I originally thought that something was hitting something inside the motor. As I type this, I'm considering an electrical problem that completely drained the battery and maybe that's why it wouldn't turn over. I did have lights after so that wouldn't make much sense.

I got her home yesterday and I'm trying to figure out where to start. I'm pretty sure I did some major damage. I'll first check the battery to see if it's electrical (that would be a good problem!). Then I'll try to turn it over by hand. If that doesn't work, I'll pull the valve cover and have a look. I doubt I'd see anything from there though. If I don't see any obvious damage, what my next step? Pull the head off?

I've never tackled anything this big, but I've said that about everything I've done on the bike until this point. If necessary, I'll pull the head, then the bottom end off the bike and carry everything inside. I think the toughest part will be dealing with the exhaust bolts. I'll start hitting them with PB Blaster today!

Any thoughts on where to begin?
 
Enough with the negative vibes! Look for easy stuff first.... Pull the stator cover and inspect the rotor/starter clutch area -then look at contact point side in case advance mechanism self destructed
 
Unless the bike is heavily modified with pod filters and a chopped exahust it's seems doubtful that you were running lean to the point of trashing the engine.

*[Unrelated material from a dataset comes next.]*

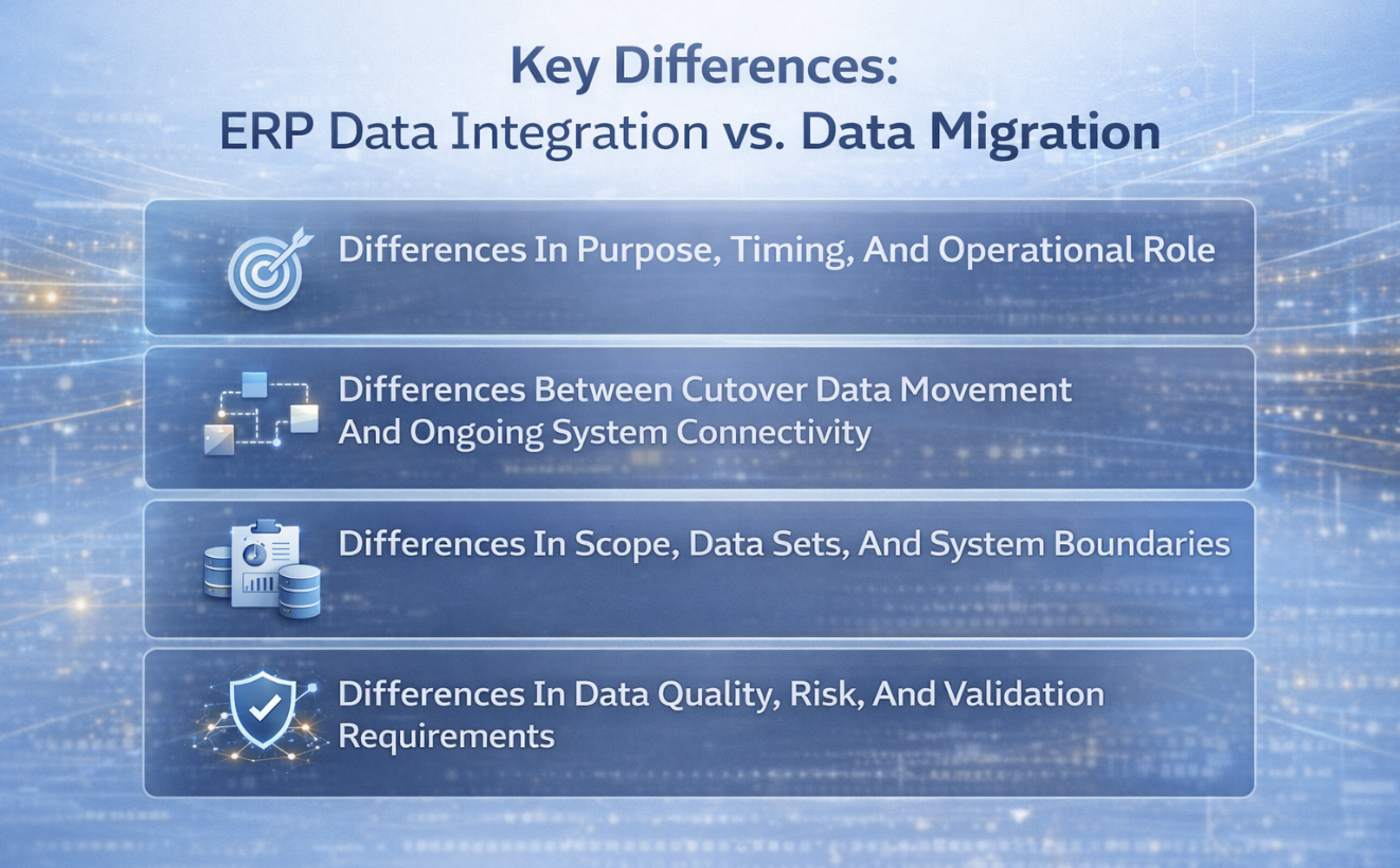 Purpose, timing, and system role show the clearest difference between data migration and data integration. In ERP work, they solve different problems and need different planning. Migration supports cutover into the new system. Integration supports ongoing data flow after go-live.

Check for spark at the plugs and maybe perform a compression test if the spark is good. That should tell you something right away. The issue could be as simple as burned points.
 
My experience with lean running four strokes is the signs of a problem will usually show up on the spark plugs. Bleach white insulator is a pretty fair way to see if an engine is running lean (provided you have some miles on the plugs). However if you see specs of grey on the insulator its usually a sign that its been running really lean and pieces of piston have started coming off. Then it gets to the real serious stuff like melted electrodes, ground straps, and broken insulator... Usually if they get there you may have a real issue... however, even then Ive seen nitrous cars that have been ran hard with all of that and the engine works fine after a plug change (I know, nitrous is a little different scenario but...).
So pull the plugs and see what you find. Maybe post up some pics of the plugs? Most of us love to haw and hem over pics of engine parts and give our opinions. lol
 
As Chris Sorbi about his 850 pistons. Holes the size of a dime melted in each one, all caused by lean running from an air leak.
 
Thanks for the encouragement. I'm hoping for the best, but preparing for the worst. Regardless, she will ride again.

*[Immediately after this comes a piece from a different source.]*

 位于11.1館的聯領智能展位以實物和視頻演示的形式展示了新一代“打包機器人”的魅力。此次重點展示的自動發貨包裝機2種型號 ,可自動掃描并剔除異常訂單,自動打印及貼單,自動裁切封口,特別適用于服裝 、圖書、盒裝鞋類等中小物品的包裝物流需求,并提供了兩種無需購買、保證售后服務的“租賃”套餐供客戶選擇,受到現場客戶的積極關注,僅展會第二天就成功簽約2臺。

Bike has stock 4 into 2 exhaust with K&N pods and 110 mains installed by the PO. Because it was freezing, most of the ride was second gear at 4 or 5k rpms. I've certainly worked it much harder in the past 2 weeks, including two 100+ mile trips.

I'll start with pulling the plugs and side covers off and inspecting the easy stuff. Then try to turn it over by hand. If it turns, I can try cranking it to look for spark and do a compression test.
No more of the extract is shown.